Date | League | Transaction |
---|---|---|
5th October, 2011 | Turkey | Loaned by Anadolu Efes to Pertevniyal for two seasons. |
13th May, 2012 | Turkey | Signed a five year contract with Anadolu Efes. |
2015 NBA Draft | NBA | Drafted 31st overall by Minnesota. |
2015 NBA Draft | NBA | Draft rights traded by Minnesota, along with the draft rights to Rakeem Christmas (#36) and a 2019 second round pick, to Cleveland in exchange for the draft rights to Tyus Jones (#24). |
18th July, 2017 | NBA | Signed a three year, $8,325,000 contract with Cleveland. |
25th November, 2017 | D-League | Assigned by Cleveland to Canton Charge of the D-League. |
26th November, 2017 | D-League | Recalled by Cleveland from Canton Charge of the D-League. |
2010 - October 2011 | Anadolu Efes (Turkey) |
October 2011 - May 2013 | Pertevniyal (Turkey, TBL2) |
May 2013 - June 2017 | Anadolu Efes (Turkey) |
July 2017 - present | Cleveland Cavaliers (NBA) |
June 29, 2018
Cedi Osman
SF - 6’8, 215lbs - 23 years old - 1 year of experience
Cedi Osman had a good rookie season and should have gotten more minutes.
When he came into the game, he embodied the very things the Cavaliers missed for so much of the season, and at times so painfully.
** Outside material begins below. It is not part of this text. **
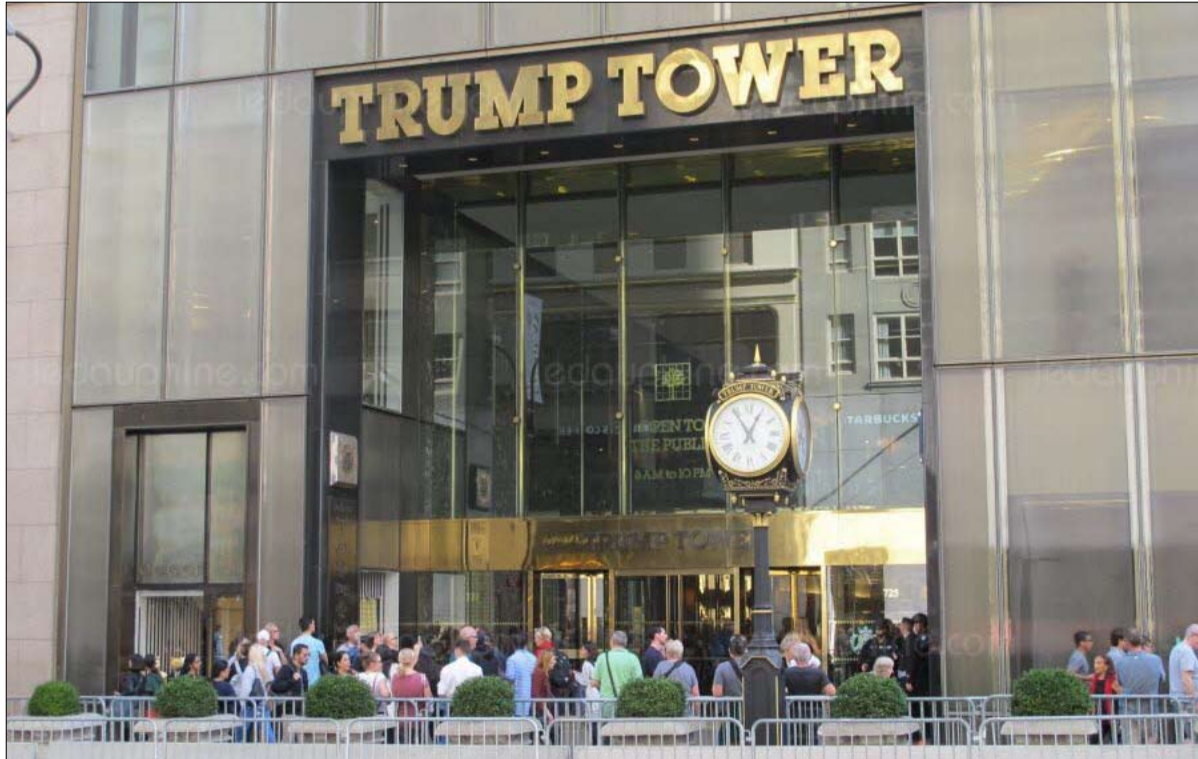
من هنا انطلقت المحمة الالكترونية

خصص لرئاسية 2020 ما يزيد على 21 مليون دولار للشبكة الاجتماعية، مقابل 44 مليون عام 2016

He was very active, primarily, with plenty of energy and motion, particularly on defence. He lacks for elite athleticism and still needs to get stronger, yet Osman has enough size, lateral speed and footwork to rotate properly and timely defensively, and has good hands and reads to boot. Feel free to start listing all the Cavaliers players this season of whom that can be said. Osman largely limits himself offensively to running and spotting, but then, so should most wings when playing alongside LeBron James. And as a weakside shooter, Osman did pretty well all year.
This is not to say that Cedi was especially good. Being a high-IQ unselfish player who moves about, competes on defence, cuts, catches and shoots is a good combination, but it is the combination of a role player. Osman was not asked to create anything at any point, and nor has he ever shown that he really could. He was also never asked to defend any opposing star wings of any great calibre for more than incidental stretches. And the same problem applies there.
Nevertheless, Osman showed some good signs as a rookie. The draft pick, the contract, they all convey onto him an expectation of decency. And it’s there. Cleveland need to use it more next time.
Player Plan: Two years and $5,682,143 remaining, all guaranteed. Keep indefinitely.
June 29, 2017
Cedi Osman - 31st pick, 2015
A good year and very projectable as a lengthy three-and-D wing. It is probably time he joined and began to learn NBA defences under the guise of NBA strength coaches, especially given that he is now a free agent.